0.Liber des élorsiers

1. Elorsier, Alorsier, Alirsier, Alisier, Elisier, Eliser, les noms ne manquent pas mais les noms, en vérité, manquent.
Ne suffisent pas, quand parfois même ils trompent.
Elorsier, Alisier, Eyzier, Ize même, nous connaissons des endroits reculés, nous connaissons des carrefours, des layons, où, plutôt que d’autres, ces mots.
Alorsier, Eliser, Lizier, Zilier même, Cilier même, noms ne manquent jamais les noms. Nombreux, s’ils ratent leur cible, plus nombreux encore, ils sont.
Ne manquent pas de génie, toutefois, à croire qu’ils changent en chaque bouche, en chaque main.
(Le défaut de la bouche, le défaut de la main.)
Quant à taper juste, telle hache ou merlin, si le choc, souvent à côté de la plaque : plutôt effet déflagration, victimes collatérales, tel est langage.
Coin, sapie, tarière, masse, merlin, hache, tout existe, là encore les poisons ne manquent pas. Et les effets, délétères. Les différentes manières de la mort. Le génie.
C’est d’ailleurs parce que la multitude, que la multitude des erreurs s’engendre.

 

2. Car la multitude engendre.
Engendre le défaut, l’erreur dans les mots. Et autres.
De génie, dans la famille, on en sait quelque chose. Un ancêtre (ou deux), ayant baguenaudé avec un ancêtre (ou deux), bien que ces ancêtres ne se connaissent pas vraiment.
Strictement, nous les bâtards.
Les bâtards sont notre génie. Nous somme le génie des bâtards. Alisier, Zilier, toute la gamme de A à Z avance, et ne tenons des ancêtres qu’une vague ressemblance, un lien de parenté, peut-être oui, un lien, que nous avons tenu, que nous avons fixé, avec fierté comme le génie de notre généalogie.
Hybride, dira le pharmacien, pour qui comptent les pharmakons. Pour nous autres, dans la famille, bâtards. Mais les autres nous regardent d’un mauvais œil parce que nous sommes rares.
Au sein de la Strate (nous appelons ainsi notre habitat) nous sommes nombreux (nous voulons dire à composer la Strate, famille ou pas) : autres Alisiers (cousins directs), Sorbiers (cousins éloignés), Chênes, Pins, Érables, toute la clique nous zieute.
Parce que notre fierté notre lien, nous distingue.
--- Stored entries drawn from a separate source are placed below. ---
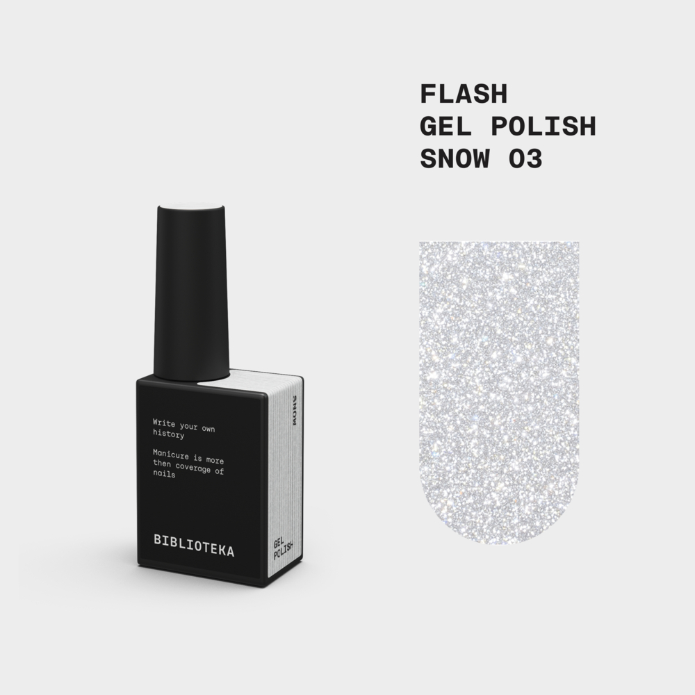 Гель-лак светоотражающий Biblioteka Flash Spark Inside №03 Snow Белое серебро 10 мл
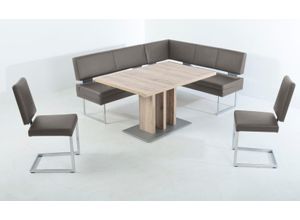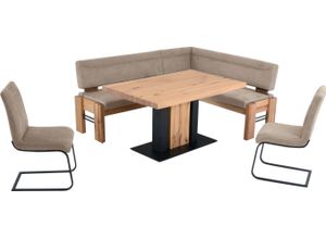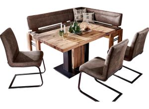 Esszimmergarnituren Wohnen Tische Stühle - - Das Set Floyd Floyd Floyd können Sie ihren Essbereich ansprechend im 'Vintage'-Design neu gestalten. Der anspruchsvolle Materialmix aus Roheisen und massiven Holz ist ein echter Hingucker. Aufbau- und Premiumservice sind inklusive., Produktdetails: Markeninformationen: Die Begeisterung der K+W Polstermöbel wird nicht nur durch unsere Produkte bestimmt, sondern auch durch die von Erfindern, Pionieren und Konstrukteuren geprägte Unternehmensgeschichte. Seit der Unternehmungsgründung im Jahr 1799 in Lichtenfels haben wir uns von der ehemaligen Korbmacherei zu einem der führenden Speisezimmer-Hersteller in Europa entwickelt. Seit 2007 sind wir Mitglied der Himolla-Gruppe. Dank eigener Entwicklung, Kreativiät und Leidenschaft sind wir flexibler Partner für unsere Kunden und Trendsetter zugleich. Heute ist K+W mit rund 500 Mitarbeitern an europaweiten Produktions- und Lagerstätten vertreten, darunter am Standort in Mitwitz/Oberfranken. In neuen Trends und Entwicklungen sehen wir Chancen - für das Produkt, die Gesellschaft und dem Kunden. Aus diesem Grund richten wir unsere Strategie stetig auf künftige Herausforderungen aus. Als Möbelhersteller ist K+W mit dem Zertifikat des goldenem M ausgezeichnet, ist Mitglied im Klimapakt der Gütegemeinschaft Möbel, , Ausstattung: Staufach unter der Sitzfläche, Maßangaben: Breite: 203 cm, Tiefe: 163 cm, Höhe: 90 cm, Sitzhöhe: 51 cm, Material: Material Gestell: Massivholz, Bezug: Microfaser 760, ... ![]() Eckbankgruppe K+W KOMFORT WOHNEN 'Floyd', braun (braun 75, balkeneiche 437,), B:163cm H:90cm T:203cm, Sitzmöbel-Sets, Eckbankgruppe, Stauraum-Eckbank, wahlweise rechts oder links langer Schenkel 203cm
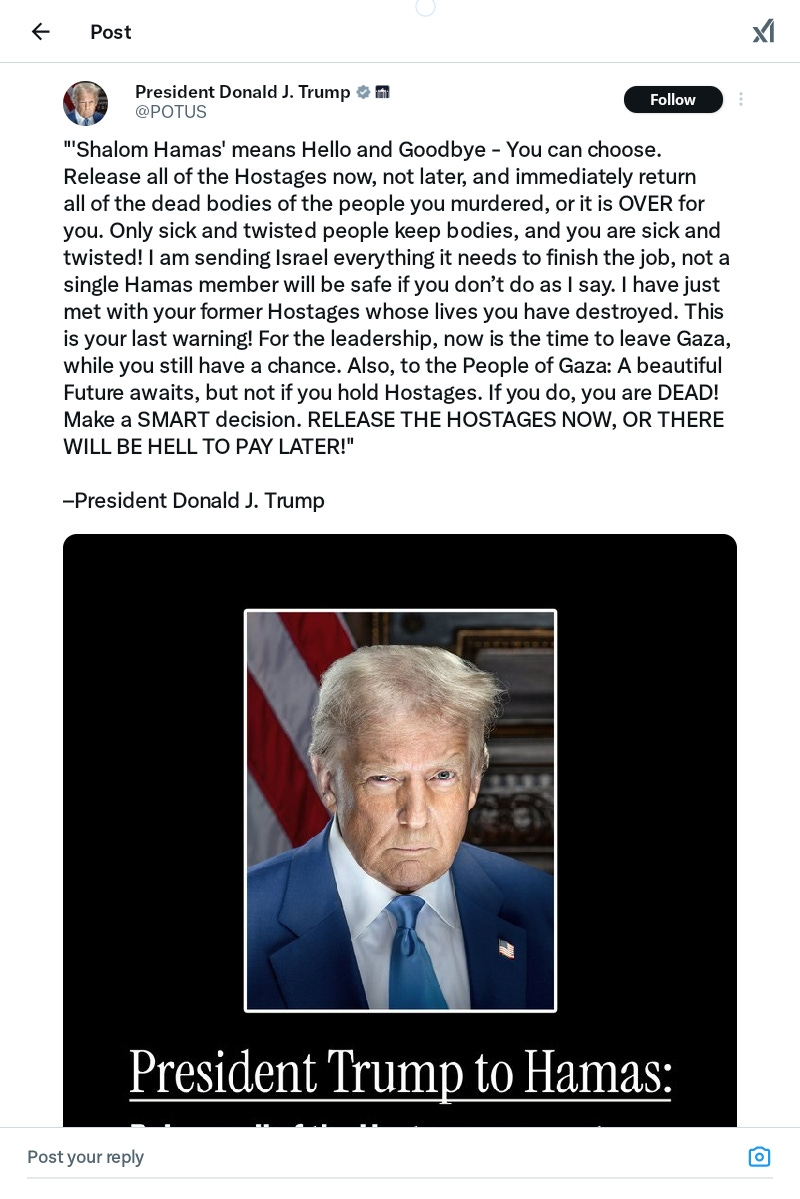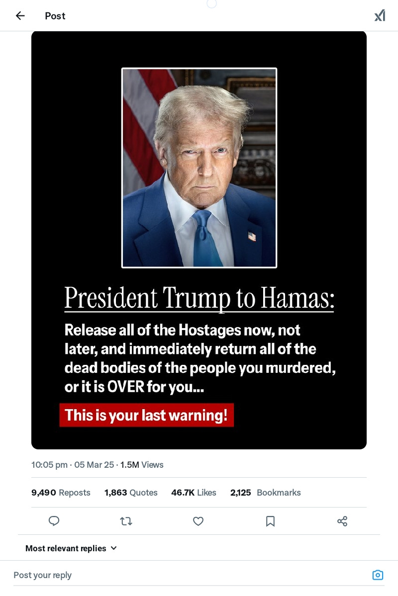 TRUMP THREATENS TO FURTHER GENOCIDE AND MURDER ALL GAZAN PALESTINIANS!!!UNBELIEVABLE!!!! 𝗔𝗔𝗥𝗢𝗡 𝗣𝗔𝗨𝗟 𝗔𝗴𝗮𝗶𝗻𝘀𝘁 𝗚𝗲𝗻𝗼𝗰𝗶𝗱𝗲Mar 05, 2025978SharePlease all mass report Trump's Tweet!!!PreviousNext
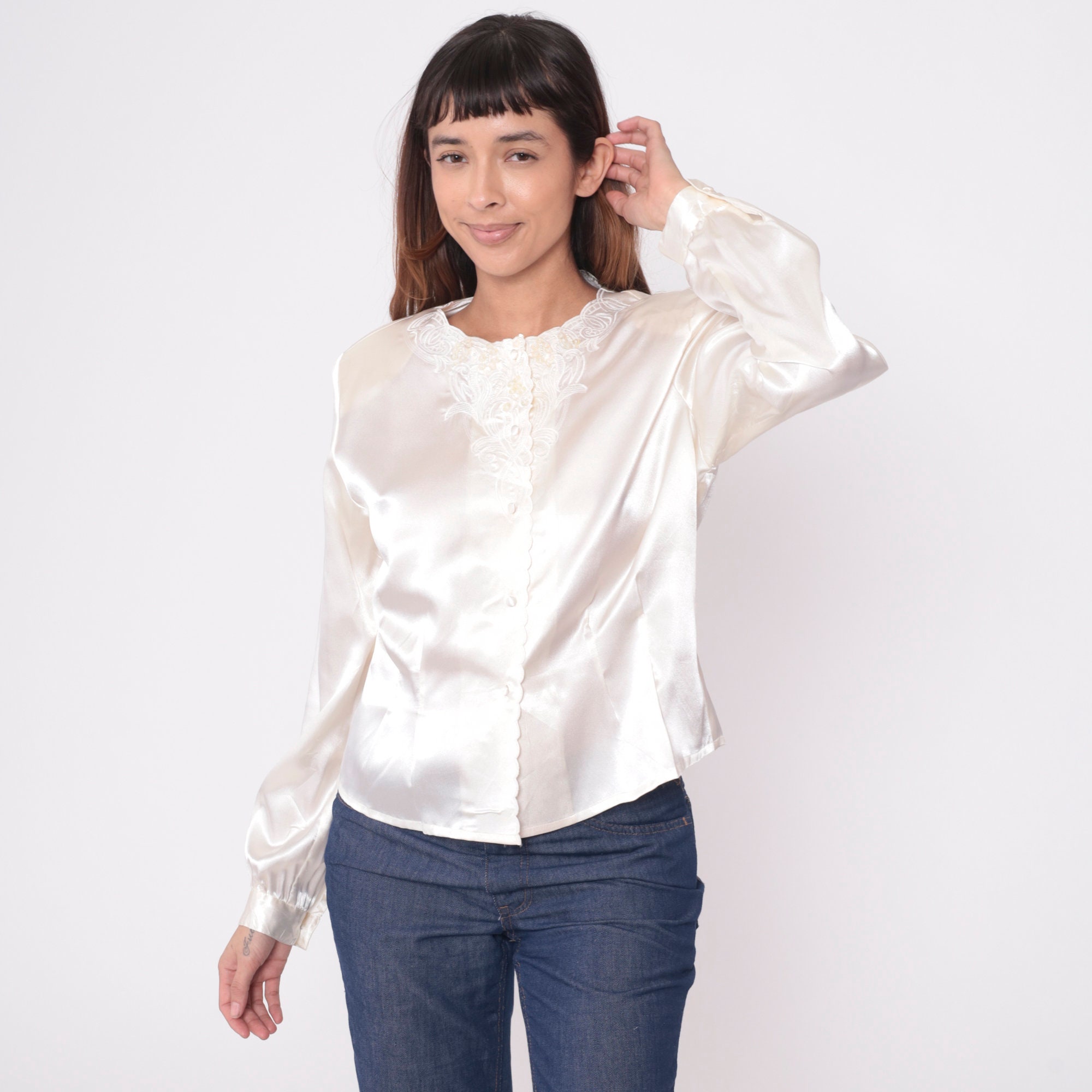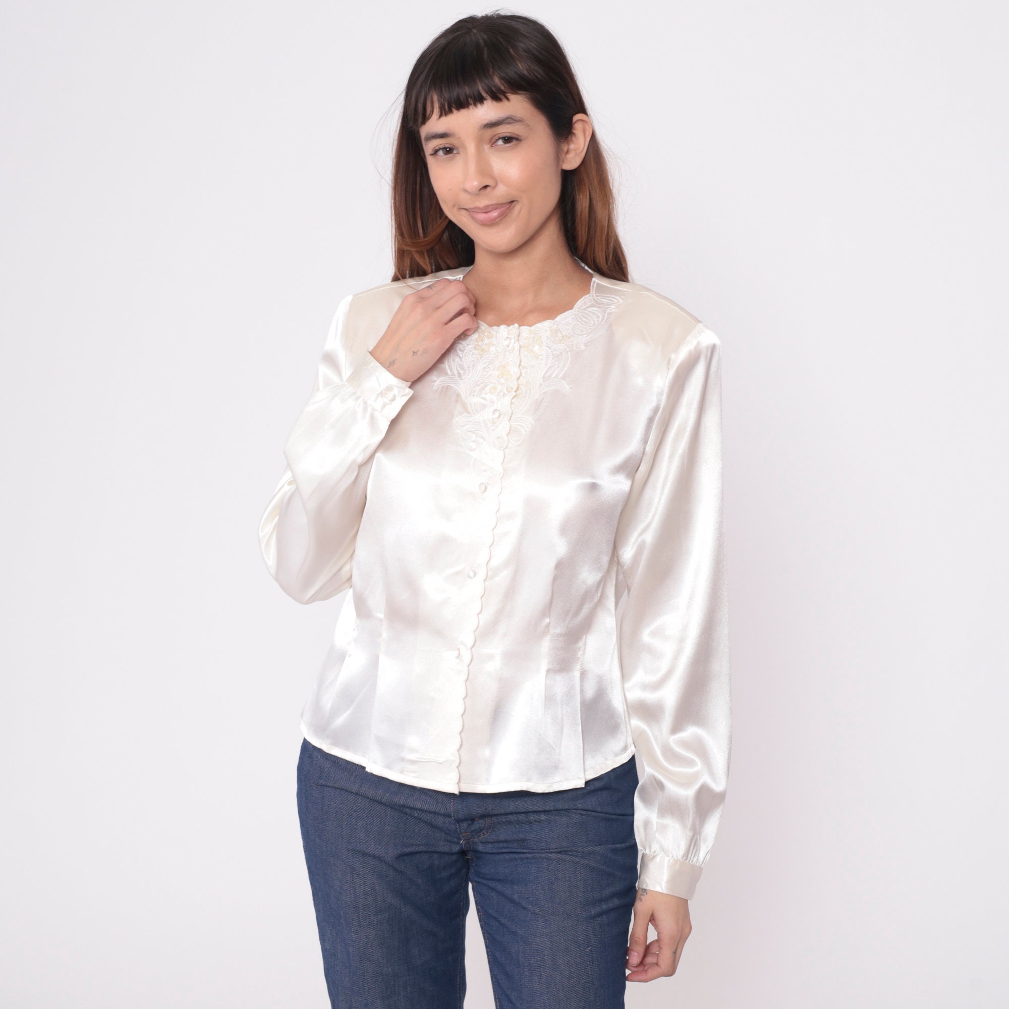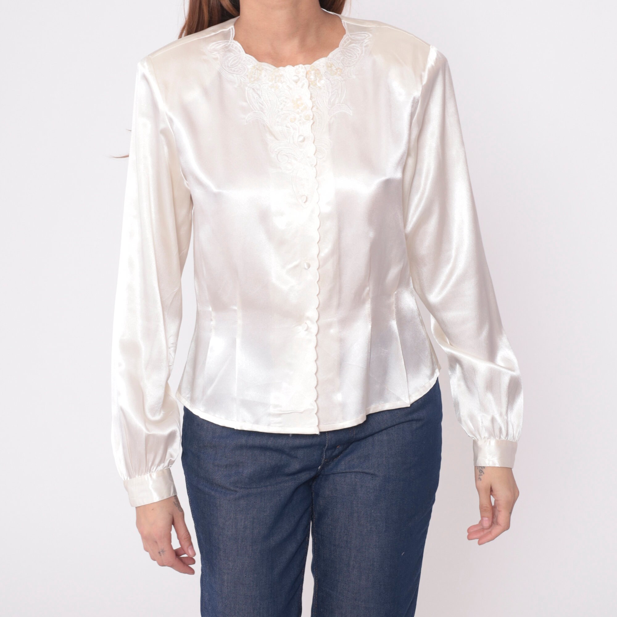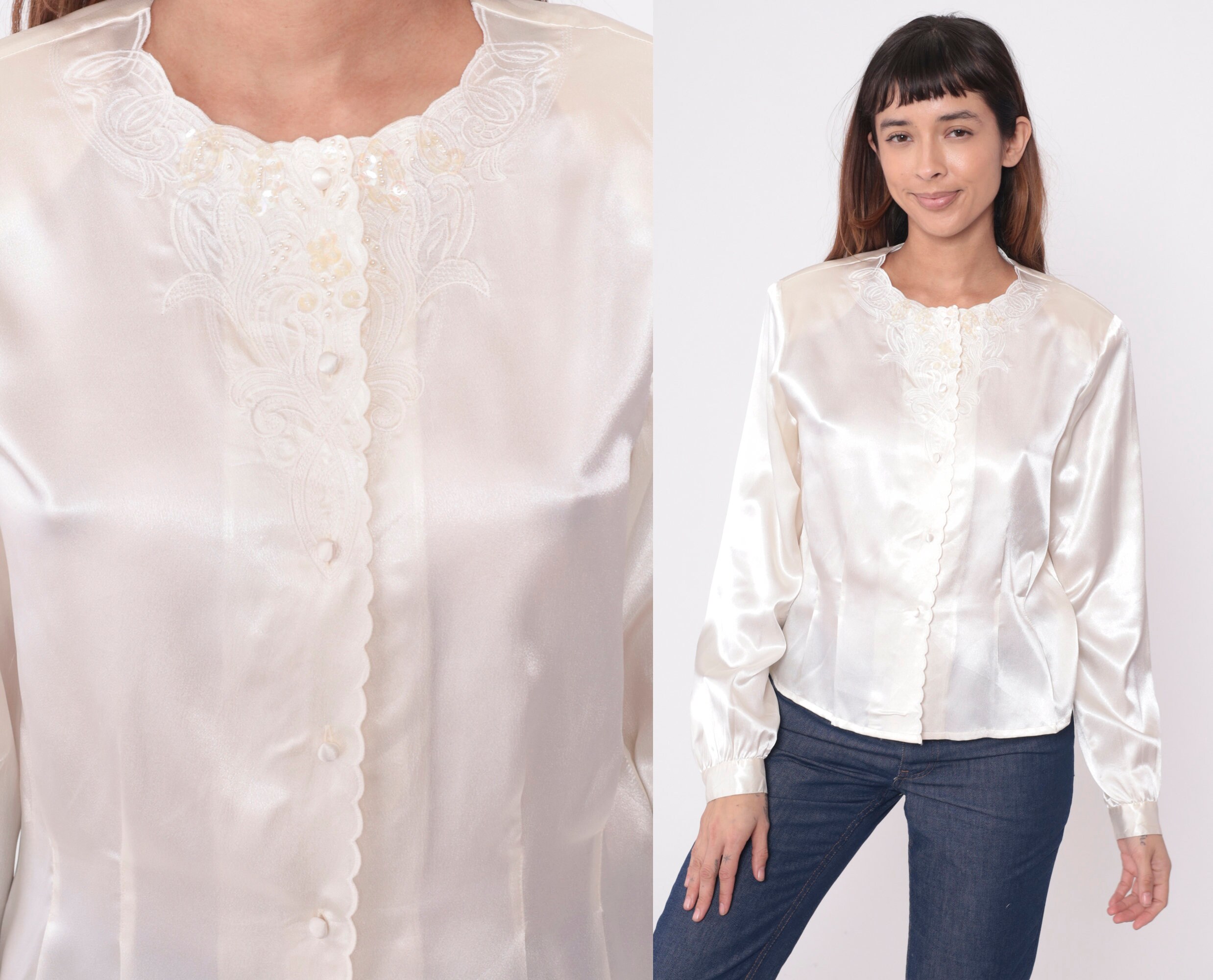 Vintage 80s blouse in white satin with abstract swirling floral embroidery, pearl beading and sequins. It has long sleeves, pleats at the waist for a tailored fit, and buttons up the front.

Ils sont jaloux, lu Bourdieu. Mais tout ça, nous l’avons dit dessus, ce sont des mots. Ne manquent pas, mais manquent aussi.
Bois précieux, oui, arbre protégé, pff. Bâtard ? Hybride ?
Il y a des degrés dans la distinction. Il y a des enfants à bourdieu. Des rebondissements dans le récit.

 

3. Il y a ensuite le monde. Nous la Strate, mais les autres strates existent, et je ne parle pas d’un malheureux chablis, qu’un de nous cacochyme autorise. Il y a les pelouses, les marais ; au-delà, il y a aussi, dit-on de bouche de dryade à oreille de dryade, il y a les champs, les villes, toutes choses formant le monde, le cosmos.
Et même ici, pour des outils qu’on ne connaît pas, des techniques ou des mythes qu’on ne maîtrise pas, tous ces mondes s’entrecroisent.
On ne se retrouve pas en manteau et ourlet, en lisière, comme ceux qui d’entre nous avancent sur l’ouvert (ou le vert), comme ceux d’entre nous se retrouvent au chevet du chablis, par la force des choses (la force des choses, c’est le temps).
Certains carrefours, certains layons nous échappent.
On ne peut pas tout enserrer. On se laisse enfreindre.
Il faudrait nous entendre.
Il nous faudrait un chef, un meneur, un roi.

Mais c’est que les mots manquent. Les mots qui ne manquent pas.